[Haskell-cafe] Desugaring of infix operators is (always?) the wrong way round

Brian Hulley brianh at metamilk.com
Tue Sep 25 16:03:17 EDT 2007

Jonathan Cast wrote:
> On Tue, 2007-09-25 at 19:18 +0100, Brian Hulley wrote:
>> Brian Hulley wrote:
>>> I'm wondering if anyone can shed light on the reason why
>>>    x # y
>>> gets desugared to
>>>   (#) x y
>>> and not
>>>   (#) y x
> Of course, this is all a consequence of the well-known failure of
> natural language: verbs come before their objects.  It is thus natural
> to write f(x), when in fact it is the object that should come first, not
> the function.  Switching to a (natural) language where (finite) verbs
> come at the end of sentences, where they belong, should fix this issue
> in time.  Doing the same in a functional language would be ideal as
> well, but might limit its use among those who speak inferior natural
> languages.
Thanks, I must look into using postfix notation. It's used in Forth and 
Postscript and I seem to dimly recall that there is a natural language 
somewhere that also uses it but I can't remember which one.
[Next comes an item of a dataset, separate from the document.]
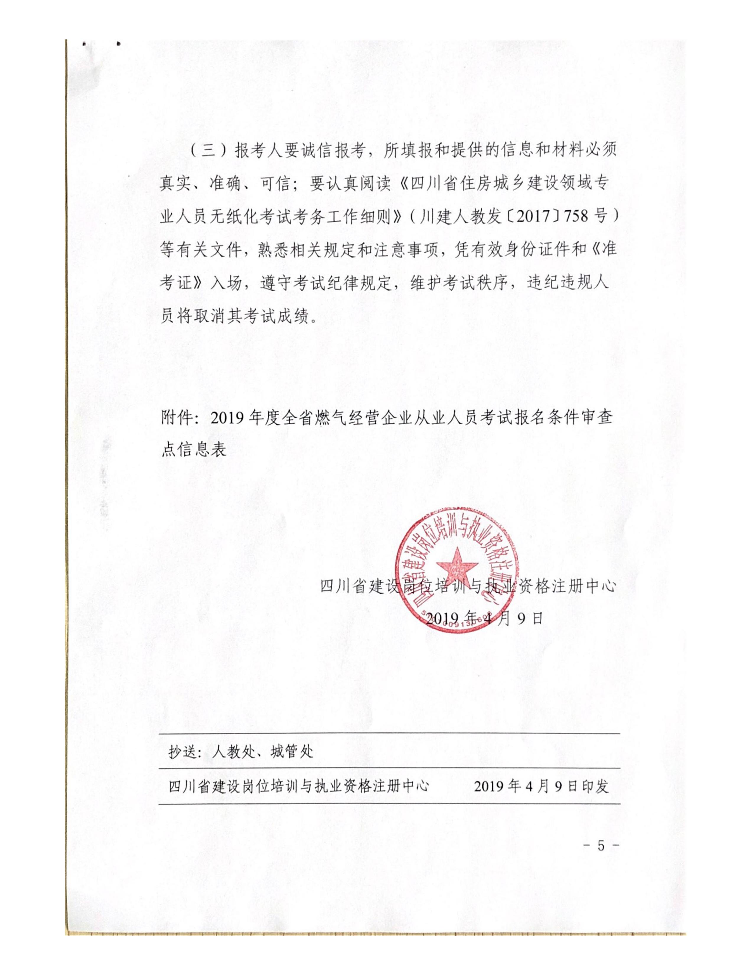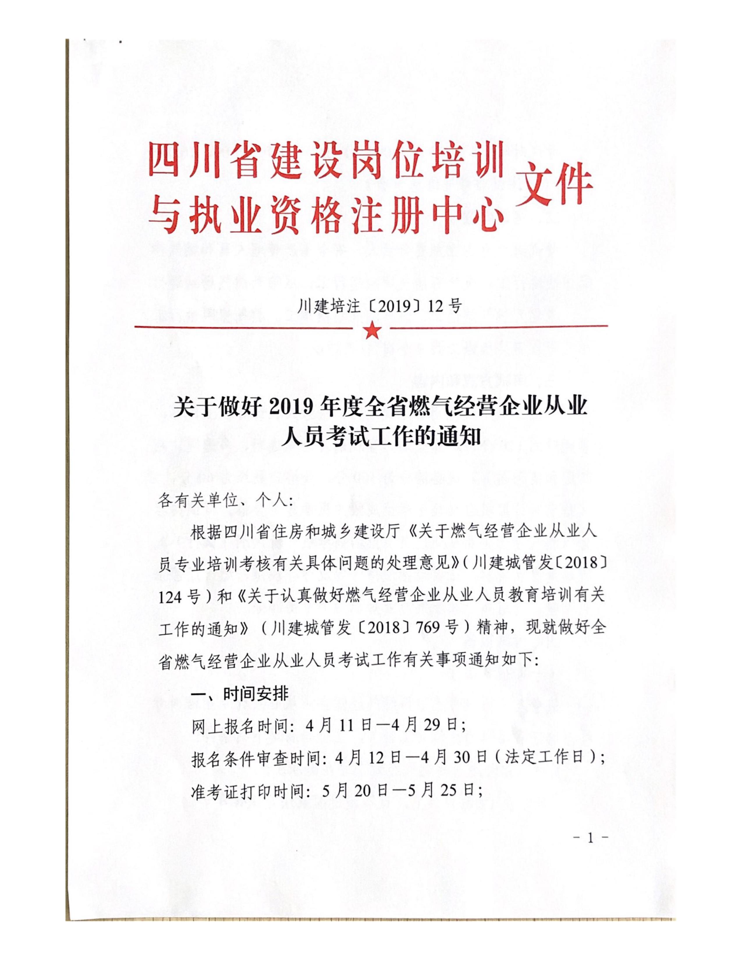 關(guān)于做好2019年度全省燃?xì)饨?jīng)營企業(yè)從業(yè)人員考試工作的通知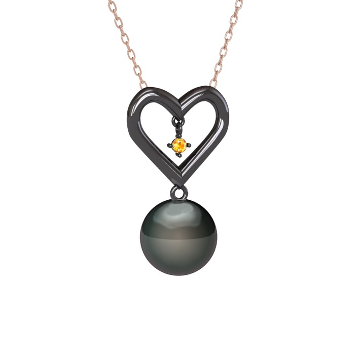 Siyah inci ve sitrin 925 ayar siyah rodyum kaplama gümüş kolye (40 cm rose altın rolo zincir)

Not only would it solve the infix/prefix dilemma, but it would also be 
consistent with a sugar for an object oriented syntax for application:

    a b c f
    a .f(b, c)

 (Using a dot glued on its right and a left paren glued left to avoid 
ambiguity with unglued dot (function composition) and unglued left paren 

It's not so clear to me what the syntax for types should be in a postfix 
Also, a problem might be that it is not so easy to use the 
multiple-clause style of function definition eg compare:

    map _ [] = []
    map f (h : t) = f h : map f t


    [] f map = []
    (h : t) f map = h f : t f map

since the function name is no longer conveniently at the margin of 
whatever layout block we are in so extra efforts would need to be made 
to line them up, though this is a minor issue.